Officers undertook ‘welfare visits’ as part of a Week of Action to tackle organised crime in the sex trade and to support victims.

The Operation Challenger team – joined by Home Office immigration officers, a Hungarian translator and a Bolton Council environmental health officer – called at four addresses identified as potential brothels.

PC Danny Pugh said: “Our priority is to protect the vulnerable. In Bolton most of the victims are Hungarian, with some Romanian.

“They don’t necessarily see they’re being taken advantage of and it’s part of our job to make them aware.

“We can’t force them to come with us but in the most obvious trafficking cases they are visibly frightened.

“It’s about getting as much information as possible to build the bigger picture and letting the neighbours know we’re there and trying to take positive action.”

Two Romanian women, aged 19 and 21, were discovered in their dressing gowns at a mid-terraced Gilnow Grove house yesterday.

Bolton neighbourhood officer PCSO Andrei Cucos, who is Romanian, translated for immigration officials questioning the self-confessed sex workers.

The pair confirmed they possessed their identity documents, their own mobile phones and their own set of house keys and were free to come and go.

Immigration officers served both women with papers instructing them to get a legitimate job or register for benefits within 30 days or else risk arrest and possible deportation.

Police will meanwhile force the landlord to shut the house as a brothel.

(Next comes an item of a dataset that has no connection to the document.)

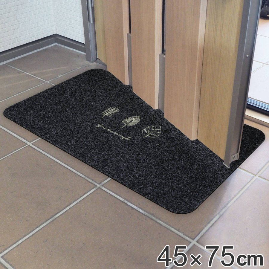 ナチュラルで温かみのある屋内・屋外兼用の玄関マット 45×75cm葉っぱをモチーフにしたナチュラルテイストの玄関マットです。インテリアに馴染むカラーで、おしゃれな雰囲気を演出してくれます。土足を使用する玄関入口外、ドア側・手前(玄関たたき)の屋内・屋外兼用でお使いいただけます。玄関ドアの開閉がスムーズに行える厚みです。
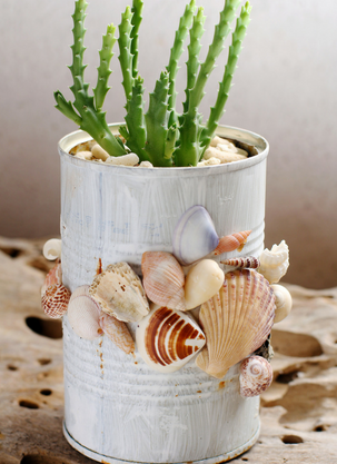 Innym uzupełnieniem dekoracji stołu, ale i przestrzeni wokół niego będą własnoręcznie zrobione doniczki. Zaprezentujesz w nich nie tylko kwiaty - sprawdzą się również jako serwetnik, pojemnik na sztućce lub pieczywo. Tutaj do ozdoby wykorzystaj koronki, materiały, nici, rośliny, taśmy i farbki, ale też muszelki lub kamienie. Samą doniczkę również możesz przygotować samemu – z puszki, starej formy do ciasta, kubków, drewna, gipsu i butelek plastikowych. W przygotowaniu doniczki ogranicza Cię wyłącznie wyobraźnia.

Claire Rest, a council environmental health officer, said: “We work to identify any criminal activity but we’ll also be trying to work out if the owner has any other properties that could be of concern.

“I found damp in one of the properties and a chimney stack in disrepair.

“In the second we will be serving a legal notice on the landlord because there is a new regulation that every privately rented house must have a smoke alarm on every floor of the property, and this one did not.”